What do you do to stay balanced?

I eat right and exercise regularly 5 to 6 days a week. I don’t skip that at all because I can feel the difference if I do. My intention is that when I do my best each day, I’ll continue to live and feel better. Since I’ve been on a journey of improving my health, I feel better physically and emotionally.

I definitely take time for myself. I do different activities that I find healing such as yoga, meditation and prayer. Whatever things I find that can feed my soul is what I do regularly.

I appreciate and love that I can inspire others, but I also found that I need space to take care of me. It’s still a constant learning journey to always be mindful of what I do, what I need and what am I f eeling. I check in and ask if I’m feeling overwhelmed by my schedule.

Especially as an entrepreneur, I don’t have scheduled breaks or a 9 to 5 day. Since I’m so passionate about what I do, I can work 7 days a week and/or 12 hours a day. However, that’s not a good lifestyle for me. So, I need to constantly find that balance.

What are the things in life you enjoy doing?

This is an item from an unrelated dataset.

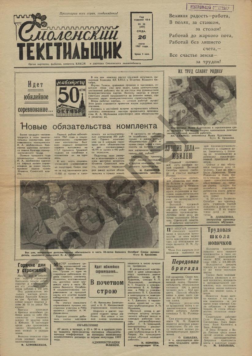 Смоленский текстильщик: Орган парткома, фабкома, комитета ВЛКСМ и дирекции Смоленского льнокомбината. — Смоленск: Тип. им. Смирнова, 1957-____. № 30.

I love the outdoors and being active. I love to bike ride, kayak and I’m into running now. I just did a 5k, which shocked me. I love live music and tea time. And of course, I love a day at the spa. It’s about living my life to its fullest. I think people get confused by thinking they need to be rich, go shopping or go on big traveling trips to get away or have a good time. Although those things aren’t bad at all, it’s really about the everyday.

It’s about doing something that’s purposeful and meaningful to you. Take care of yourself physically, emotionally and spiritually. I love spending time with my kids. Sometimes we’ll just walk the pier or the park. We go on a lot of walks. Those are the things that fulfill my life and make it the best it can be.

Share something that would surprise people that know you.

My kids know this, but most people wouldn’t know that I’m definitely silly and kid-like to the point where my son tells me that I’m embarrassing to him. Before we go out in public, my son will sometimes tell me not to talk to other people’s kids and dogs.

I just love kids and dogs and for some reason, they’re attracted to me. So, we end up talking and I end up buying them ice cream or something.